→ **EXERCISE GOAL**
Nothing but a verbatim copy of the data, minus the images, should be returned.

(DATA FOR REVIEW Opens)

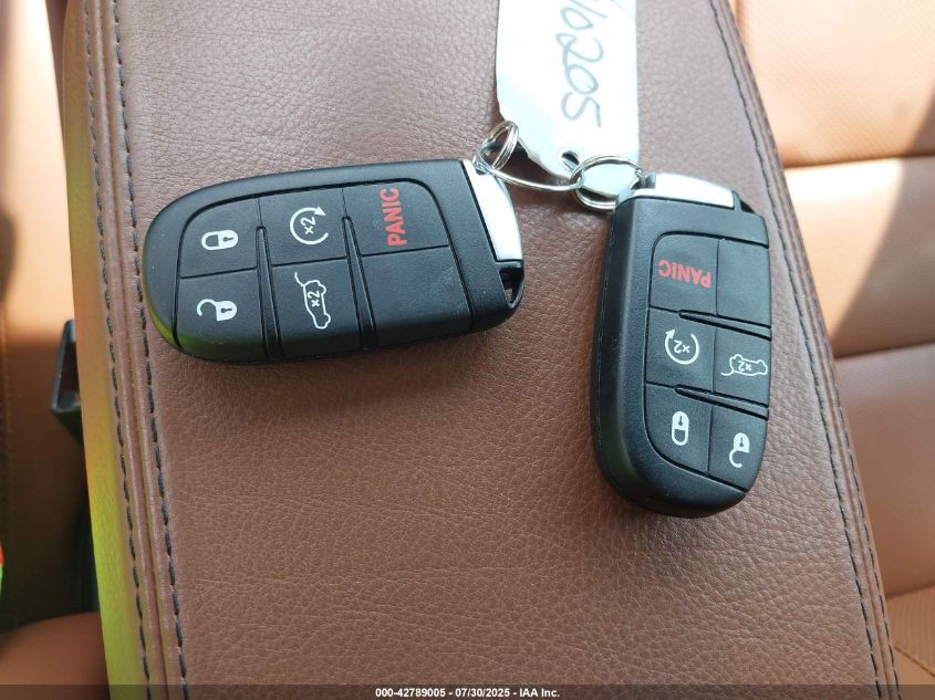Interior options ranged from cloth (Laredo) to premium Nappa or Laguna leather (Summit, Overland, SRT). Color themes included Morocco Black, Light Frost Beige, and Indigo/Ski Grey. Summit models offered open-pore wood, suede headliners, and stitched dash panels. Rear entertainment, panoramic sunroof, and real wood trim were common in top trims.
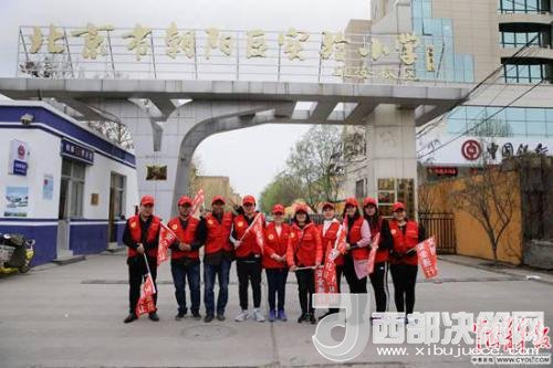 北京市朝陽區(qū)實(shí)驗(yàn)小學(xué)雄安校區(qū),參加“家校警”護(hù)學(xué)隊(duì)的當(dāng)?shù)丶议L志愿者在校門口。
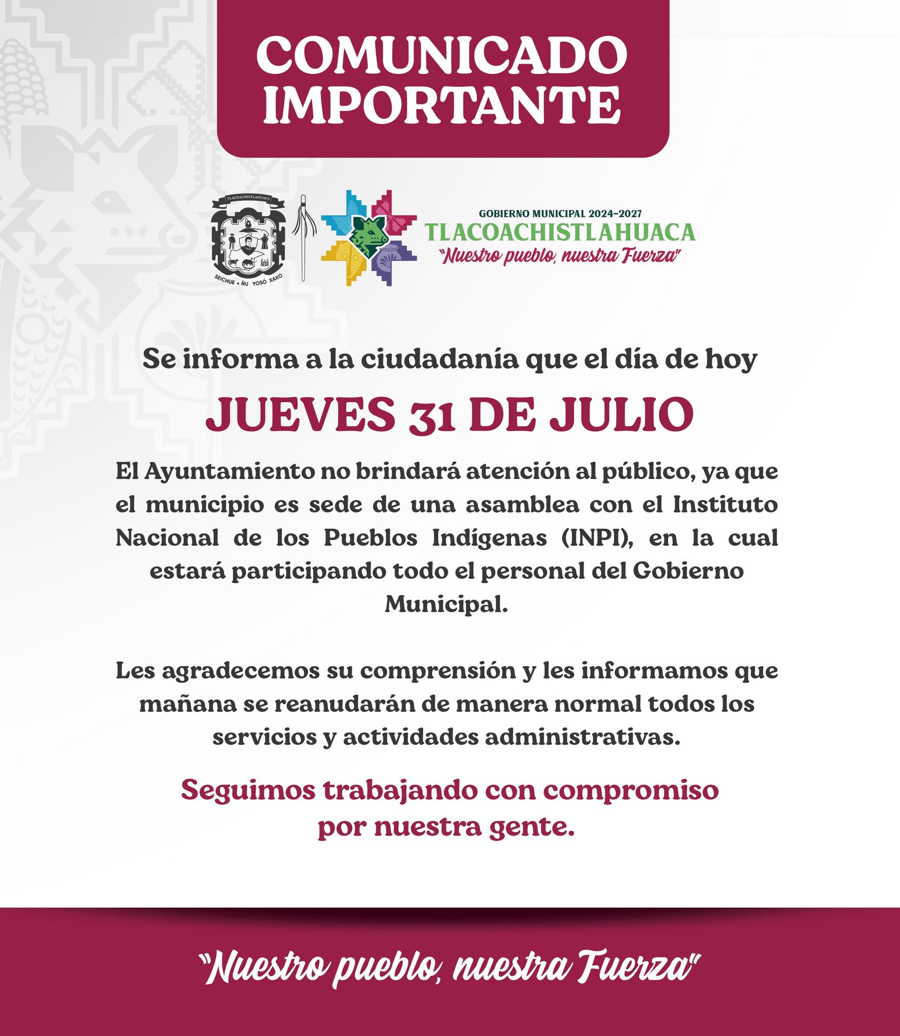 Hoy no habrá atención en el Ayuntamiento de Tlacoachistlahuaca, ya que somos sede de una asamblea con el INPI y todo el personal se encuentra participando.
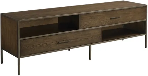 Cleo uses mixed materials of layered clear and smoke glass in a metal framework to add dimension and interest. The bottom shelf uses oak veneers in a deep brown wood finish. The metal is comprised of a dusky silver finish, for an overall look that evokes rich woodsy tones.
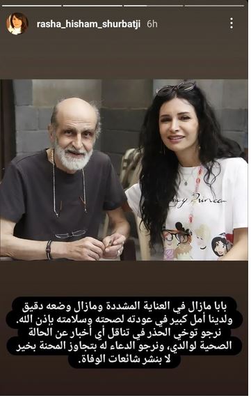 ونشرت عبر خاصية “الستوري” على “إنستغرام” صورةً جمعتها بوالدها، أكدت من خلالها أن وضعه دقيق وكتبت: “بابا ما زال بالعناية المشددة وما زال وضعه دقيق ولدينا أمل كبير في عودته لصحته وسلامته بإذن الله”.
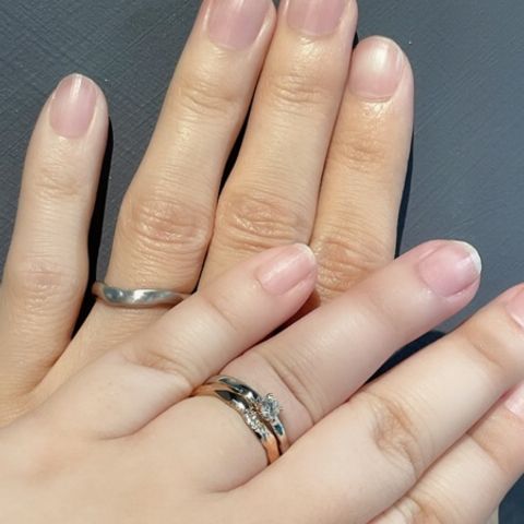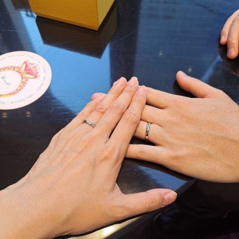 素敵なデザインでシンプルなものがいいなという話をしていました。マット加工があるものがいいと相談させていただき、今回のような指輪のデザインを選びました。ひとつひとつ手作りという点もお気に入りの一つです。ありがとうございました。
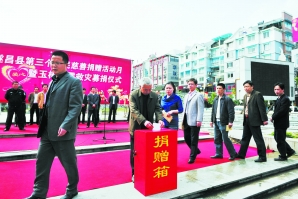 4月23日,遂昌县举行第三个全民慈善捐赠月活动,在平昌广场为玉树地震灾区现场募捐,县委书记葛学斌带头捐款。仅一个上午就筹得善款99.32万元。其中,凯恩集团捐款50万元。 通讯员 潘俊 王久伟 摄
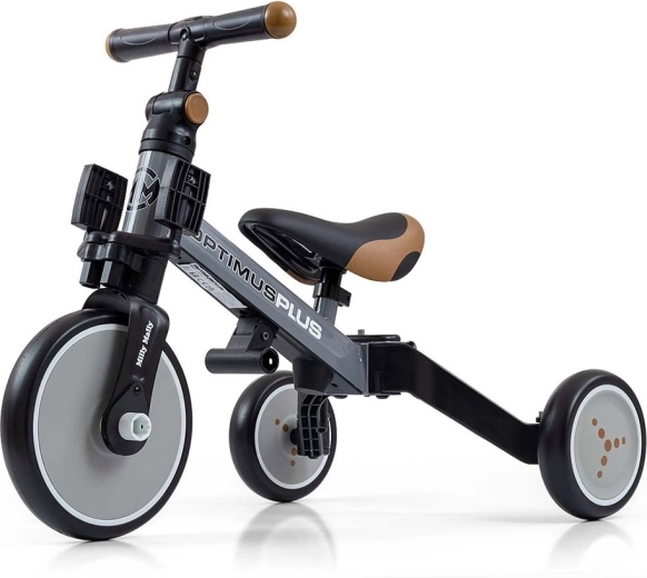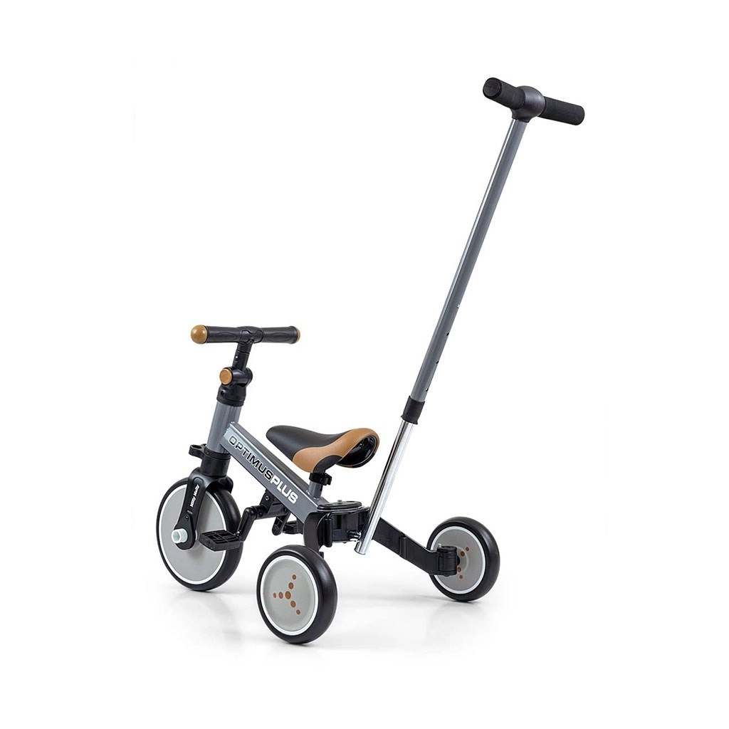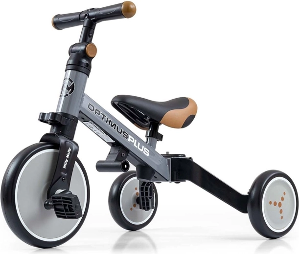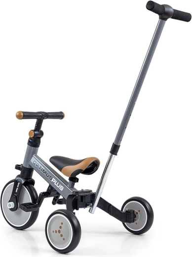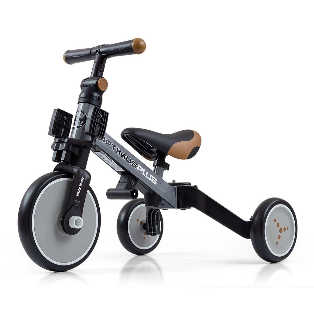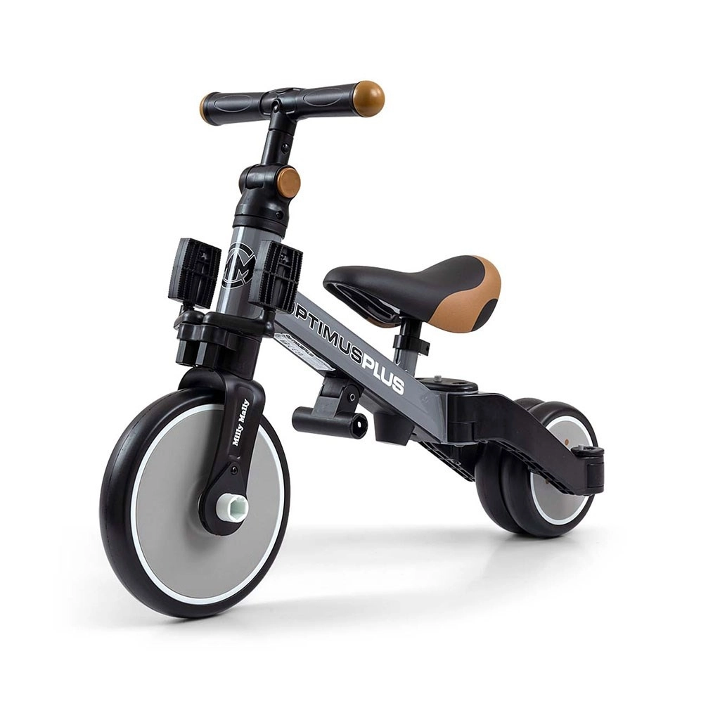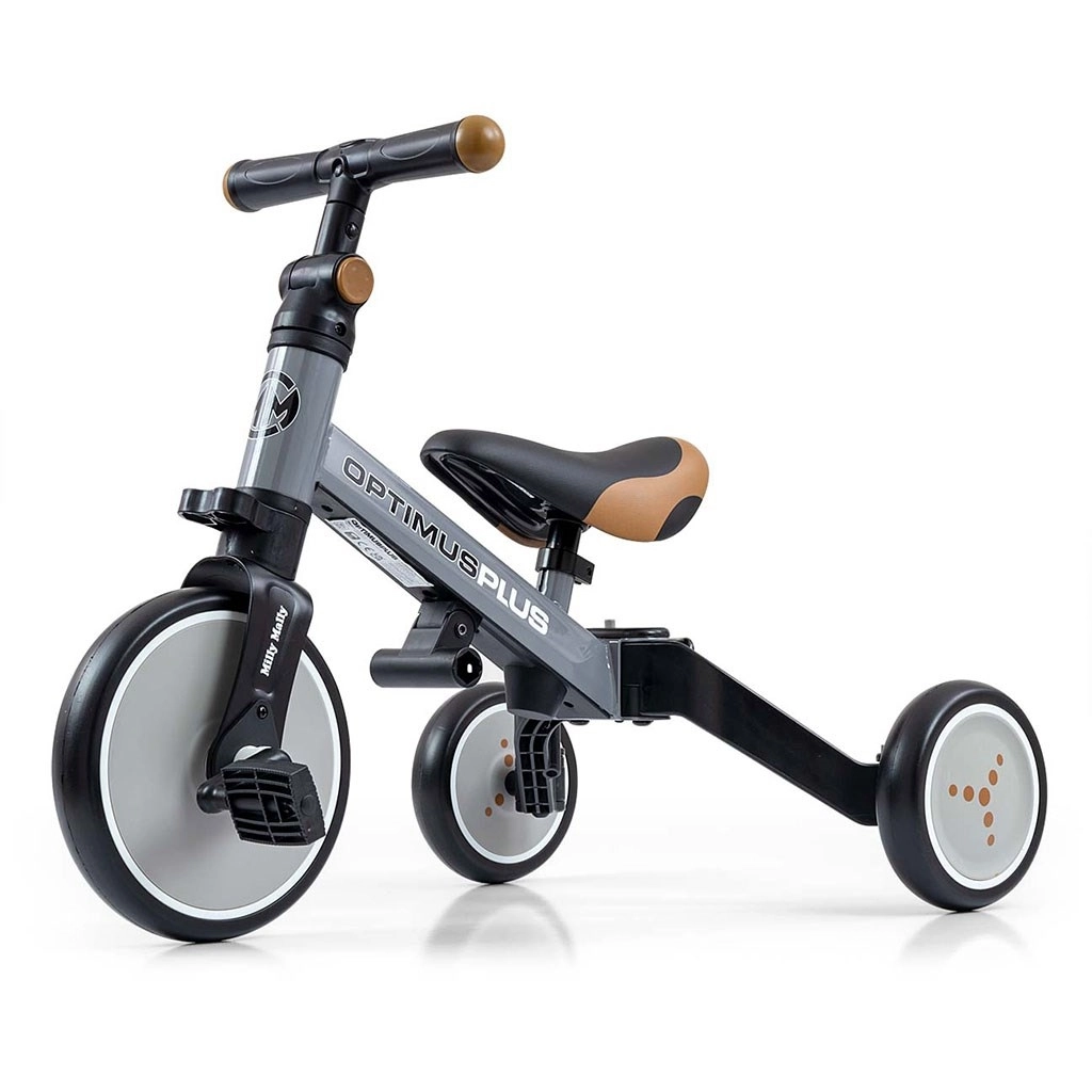 A MILLY MALLY OPTIMUS PLUS 4 az 1-ben háromkerekűt úgy tervezték, hogy megkönnyítse az első gurulásokat, és fejlessze a koordinációt és az egyensúlyt. A variálható konstrukció gyors váltást tesz lehetővé az üzemmódok között: alap, pedál nélküli háromkerekű; első kerék pedálos háromkerekű; egyszerű futóbicikli. A habkerekeknek köszönhetően a haladás csendes, kényelmes, és jó a tapadás különböző felületeken.

(DATA FOR REVIEW Closes)

→ **TASK RESPONSE**
Interior options ranged from cloth (Laredo) to premium Nappa or Laguna leather (Summit, Overland, SRT). Color themes included Morocco Black, Light Frost Beige, and Indigo/Ski Grey. Summit models offered open-pore wood, suede headliners, and stitched dash panels. Rear entertainment, panoramic sunroof, and real wood trim were common in top trims.
 北京市朝陽區(qū)實(shí)驗(yàn)小學(xué)雄安校區(qū),參加“家校警”護(hù)學(xué)隊(duì)的當(dāng)?shù)丶议L志愿者在校門口。
 Hoy no habrá atención en el Ayuntamiento de Tlacoachistlahuaca, ya que somos sede de una asamblea con el INPI y todo el personal se encuentra participando.
 Cleo uses mixed materials of layered clear and smoke glass in a metal framework to add dimension and interest. The bottom shelf uses oak veneers in a deep brown wood finish. The metal is comprised of a dusky silver finish, for an overall look that evokes rich woodsy tones.
 ونشرت عبر خاصية “الستوري” على “إنستغرام” صورةً جمعتها بوالدها، أكدت من خلالها أن وضعه دقيق وكتبت: “بابا ما زال بالعناية المشددة وما زال وضعه دقيق ولدينا أمل كبير في عودته لصحته وسلامته بإذن الله”.
 素敵なデザインでシンプルなものがいいなという話をしていました。マット加工があるものがいいと相談させていただき、今回のような指輪のデザインを選びました。ひとつひとつ手作りという点もお気に入りの一つです。ありがとうございました。
 4月23日,遂昌县举行第三个全民慈善捐赠月活动,在平昌广场为玉树地震灾区现场募捐,县委书记葛学斌带头捐款。仅一个上午就筹得善款99.32万元。其中,凯恩集团捐款50万元。 通讯员 潘俊 王久伟 摄
 A MILLY MALLY OPTIMUS PLUS 4 az 1-ben háromkerekűt úgy tervezték, hogy megkönnyítse az első gurulásokat, és fejlessze a koordinációt és az egyensúlyt. A variálható konstrukció gyors váltást tesz lehetővé az üzemmódok között: alap, pedál nélküli háromkerekű; első kerék pedálos háromkerekű; egyszerű futóbicikli. A habkerekeknek köszönhetően a haladás csendes, kényelmes, és jó a tapadás különböző felületeken.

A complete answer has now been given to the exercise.